After opening the day in green, share markets in India continued the momentum throughout the day and ended the day in green. Sectoral indices were mixed, with stocks in the IT sector and stocks in the banking sector leading the gains.
At the closing bell, the BSE Sensex stood higher by 293 points (up 0.8%) and the NSE Nifty closed up by 97 points (up 0.9%). The BSE Mid Cap index ended the day up 0.5%, while the BSE Small Cap index ended the day up by 0.6%.
Asian stock markets finished in green. As of the most recent closing prices, the Hang Seng was up by 0.2% and the Shanghai Composite was up by 1.4%. The Nikkei 225 was flat%. Meanwhile, European markets too were trading in green. The FTSE 100 was up by 0.5%, The DAX, was up by 0.1% while the CAC 40 was up by 0.2%.
The rupee was trading at Rs 67.15 against the US$ in the afternoon session. Oil prices were trading at US$ 70.44 at the time of writing.
In news from stocks in the banking sector. State Bank of India (SBI) has decided to take a tough stand against big loan defaulters.
Rajnish Kumar, the SBI chairman said that banks will force insolvent companies into liquidation if potential bidders try to suppress prices under the bankruptcy process.

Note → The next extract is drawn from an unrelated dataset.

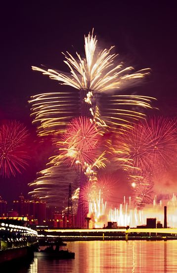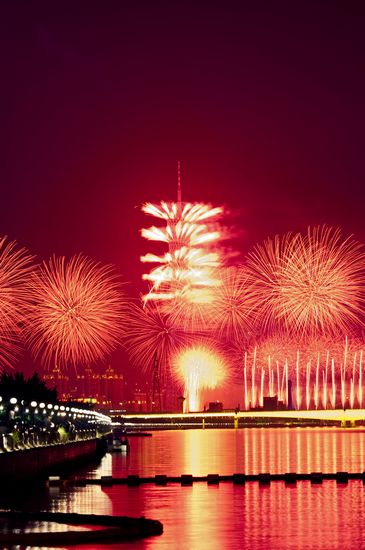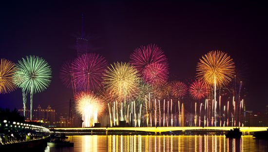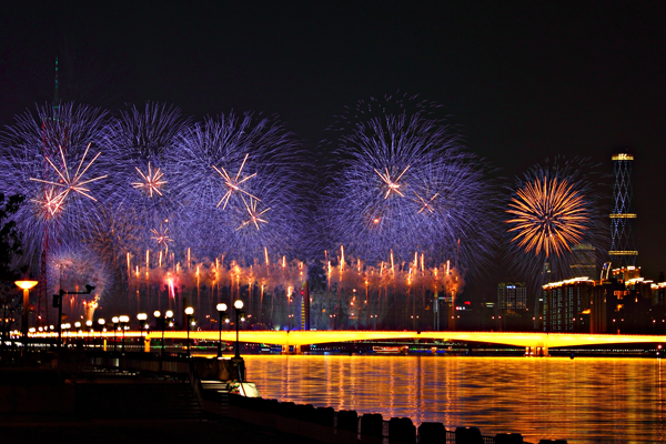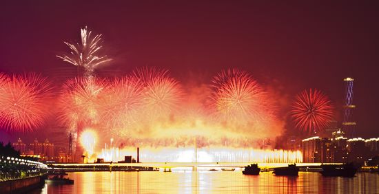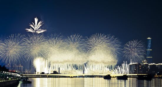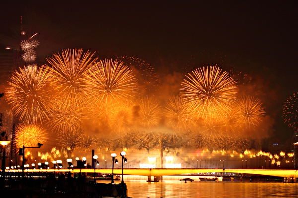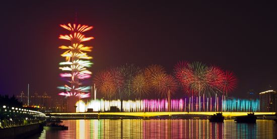 开幕式结束之后,珠江上上演了十几分钟名为“庆典”的烟火表演。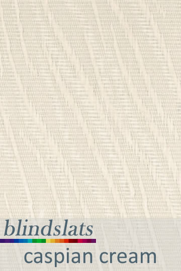 89mm Caspian Cream replacement vertical blind slats made to measure. Random wavy diagonal streaks self patterned creamy coloured fabric

The Reserve Bank of India (RBI) was empowered through an ordinance in May last year to direct banks to initiate insolvency proceedings against borrowers for resolution of stressed assets. The regulator shortlisted 12 companies with a total debt of over Rs 2 trillion in June for bankruptcy proceedings, about 25% of all non-performing bank loans. They included Essar Steel, Bhushan Steel, Lanco Infratech, ABG Shipyard, Bhushan Power and Alok Industries.
The RBI then issued another list of 28 defaulters for debt resolution.
The current law allows a maximum 270 days for resolution - an initial 180 days and 90 days of extra time on top of that. The resolution process for these debt-ridden companies are at various stages, with bids having been submitted for some of them.
Big Borrowers Turning into Big Offenders

Buffett's and Peter Lynch's principle of not watering weeds fits in perfectly well with the businesses of banking as well. Banks, in principle, must be careful about not extending loans to borrowers with poor creditworthiness or payment track record. That too, irrespective of the size of the borrower.
However, the data from State Bank of India shows that when it comes to big corporate borrowers, our banks literally look the other way. The share of large corporates, in total advances of the banking sector, has almost remained unchanged over past three years (at an average of 55%).
However, their contribution to incremental slippages has been huge. At one point, the big corporate borrowers accounted for nearly 90% of total NPAs of the sector.
Therefore, according to us, banks with large corporate books (be it PSUs or private sector) deserve a lower valuation if they can't keep NPAs in check.
Moving on to news from stocks in the oil and gas sector. ONGC share price was among the top gainers today. The state-owned energy major was in focus today after it reported at 6.3% rise in natural gas production for the year.
ONGC produced 484 billion cubic meters (bcm) of gas in 2017-18 as against 22.088 bcm in 2016-17, he said. This is the highest gas output by Oil and Natural Gas Corp in five years and the growth rate is higher than the global average of 3-4% cent year-on-year. This puts ONGC on track to double its output by 2022.
ONGC has stepped up on bringing newer fields into production after Prime Minister Narendra Modi set a stiff target of reducing oil import dependence by 10% by 2022. India currently imports over 80% of its oil needs.
The overall gas production, which includes production from the joint ventures, registered a growth of 5.8% at 24.6 bcm, as against 23.2 bcm in the previous year. The growth in output was largely contributed by C-26 Cluster fields, Daman and Vasai East fields in the western offshore as well as sub-sea well S2AB in the eastern offshore, he said.
From the onshore fields, there has been an increase in production particularly from Ramnad area in Cauvery Asset. There has also been a considerable increase in associated gas production from Ankleshwar and Assam Assets.
The company is targeting gas production of 24.41 bcm during the current financial year and incur an investment of around Rs 70 billion.
ONGC share price ended the day up by 3.3%.
And here's a note from Profit Hunter
GAIL is the top gainer in the Nifty 50 Index - up 4%. Let's have a look at its chart.
The stock bottomed out at 146 in August 2015 and traded in a strong uptrend tracking the rising trendline (blue line). At a high of 300 in March 2017, it found a strong resistance there. Historically, the January 2011 and November 2014 peaks acted as a resistance at the 300 level.
The bulls struggled a bit at the 300 level, but they finally managed to break the level and the stock made a new life-time high of 390 in December 2017. The stock has been correcting since then.
In March 2018, the stock bounced up from the 300 support level (previous resistance now support). The uptrend line (blue line) also acted as a support for the stock. Today, it rallied up 4% with healthy volumes and broke above the falling trendline (red line).
So does this indicate that the stock will soon achieve its new life-time high? Let's keep a close watch on it.